Records excerpted from a collection:
==========
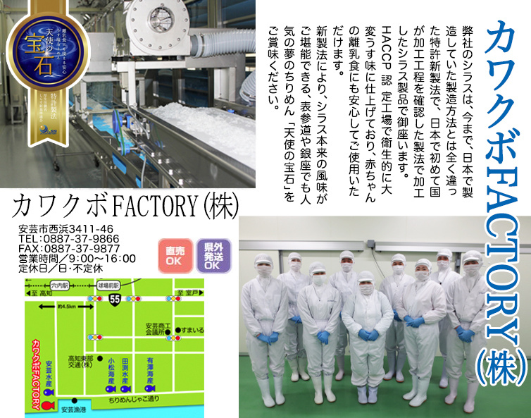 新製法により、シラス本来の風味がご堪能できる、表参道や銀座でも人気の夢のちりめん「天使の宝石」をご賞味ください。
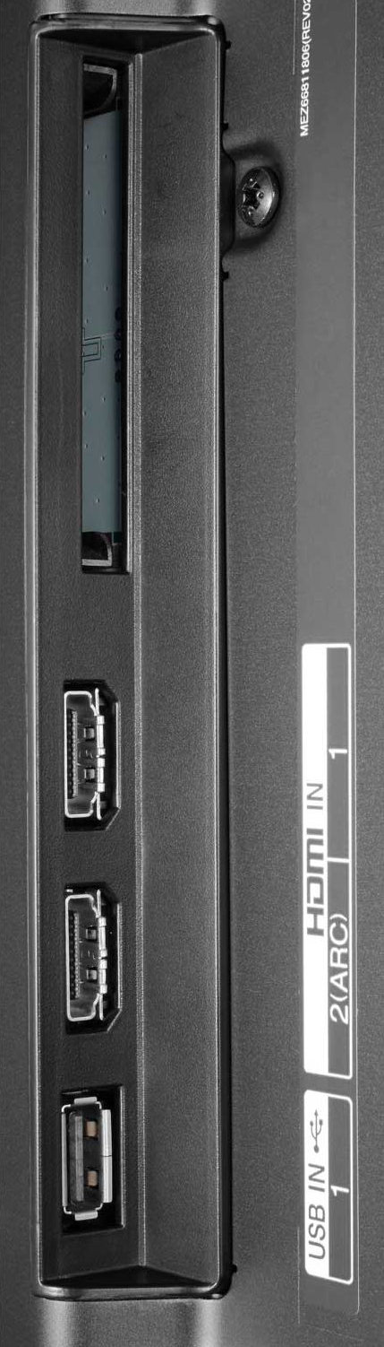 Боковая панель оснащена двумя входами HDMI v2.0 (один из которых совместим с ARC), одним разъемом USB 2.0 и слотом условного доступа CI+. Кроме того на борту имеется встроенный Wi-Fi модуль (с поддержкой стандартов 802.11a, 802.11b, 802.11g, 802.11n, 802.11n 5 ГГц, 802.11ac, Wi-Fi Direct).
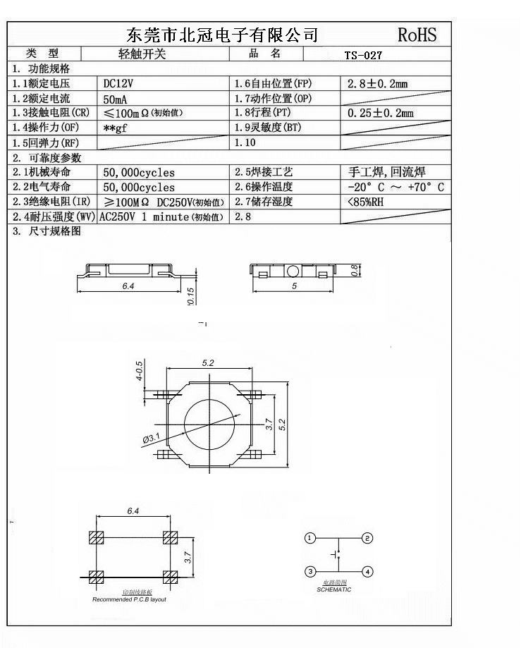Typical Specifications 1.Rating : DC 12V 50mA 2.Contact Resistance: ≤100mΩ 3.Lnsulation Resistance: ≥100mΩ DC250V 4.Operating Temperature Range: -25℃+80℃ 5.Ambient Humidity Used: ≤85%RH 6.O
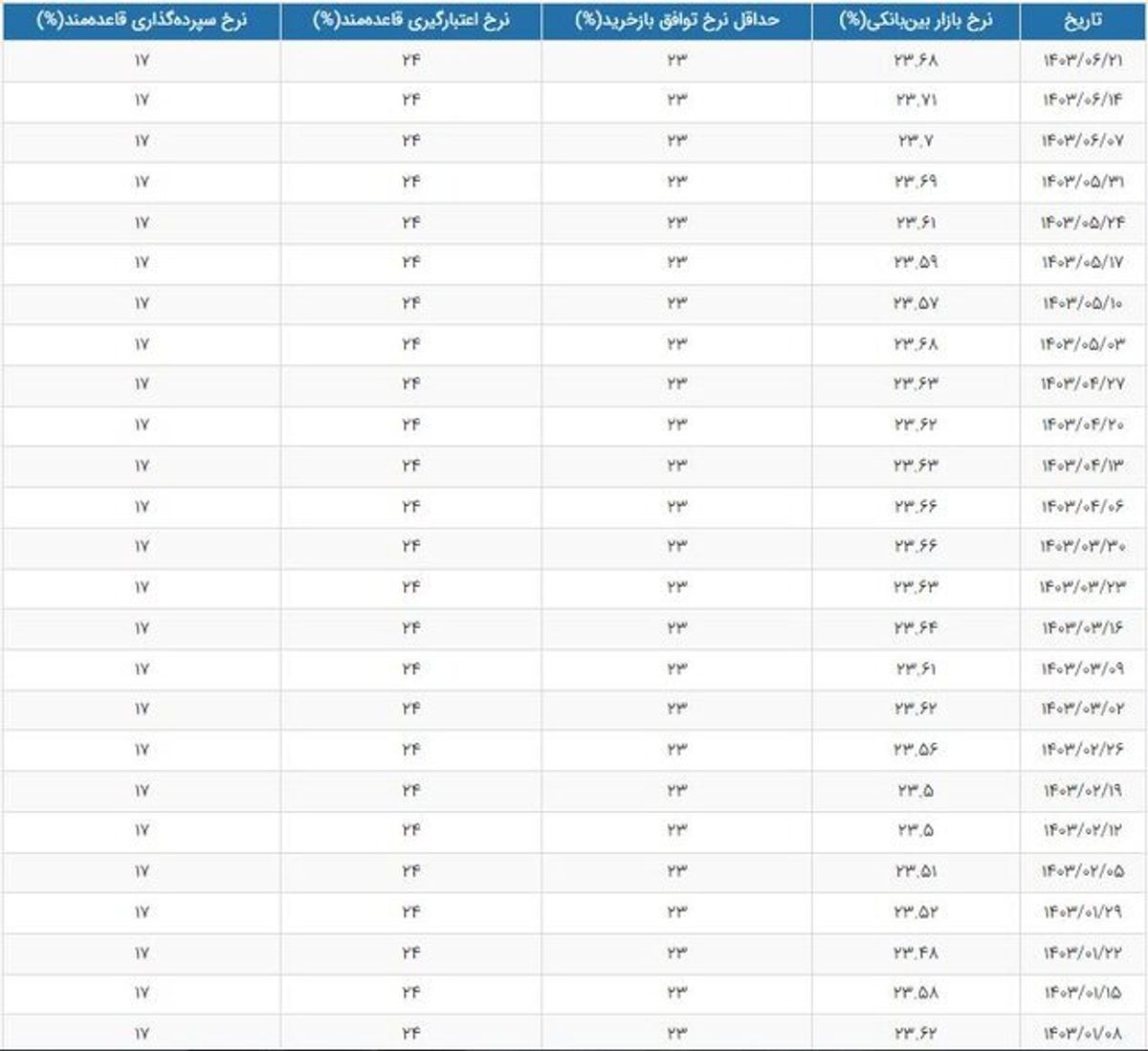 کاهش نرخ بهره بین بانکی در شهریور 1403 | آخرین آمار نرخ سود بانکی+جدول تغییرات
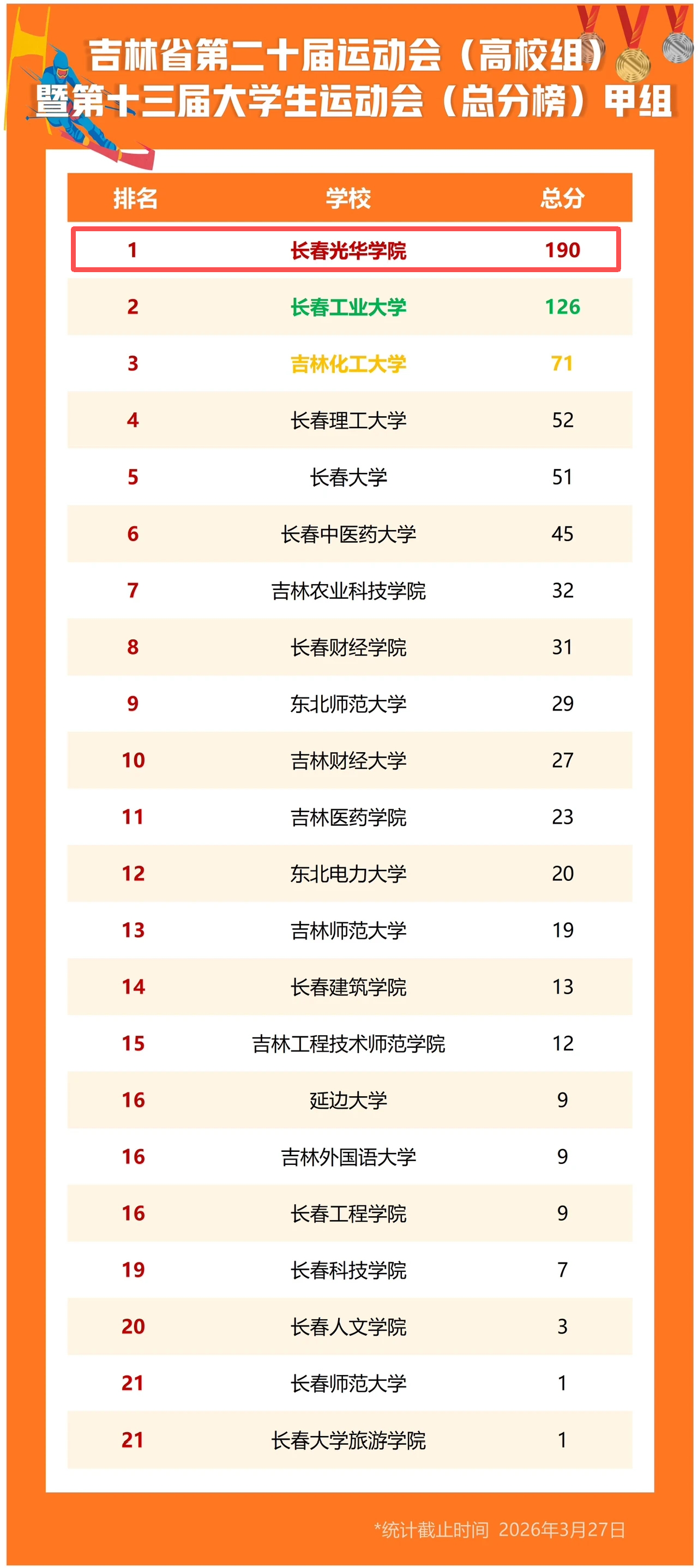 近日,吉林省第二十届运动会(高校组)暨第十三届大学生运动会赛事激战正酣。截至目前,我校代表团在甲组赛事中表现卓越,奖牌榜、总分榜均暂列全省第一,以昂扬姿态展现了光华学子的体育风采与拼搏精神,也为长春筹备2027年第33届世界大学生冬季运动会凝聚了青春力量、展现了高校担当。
==========
Exercise brief:
Going by the entries above, repeat exactly the lines that start at the line with "Typical Specifications 1.Rating" and go on through the line with "کاهش نرخ بهره". Pictures are not part of the copy.

Exercise response:
Typical Specifications 1.Rating : DC 12V 50mA 2.Contact Resistance: ≤100mΩ 3.Lnsulation Resistance: ≥100mΩ DC250V 4.Operating Temperature Range: -25℃+80℃ 5.Ambient Humidity Used: ≤85%RH 6.O
 کاهش نرخ بهره بین بانکی در شهریور 1403 | آخرین آمار نرخ سود بانکی+جدول تغییرات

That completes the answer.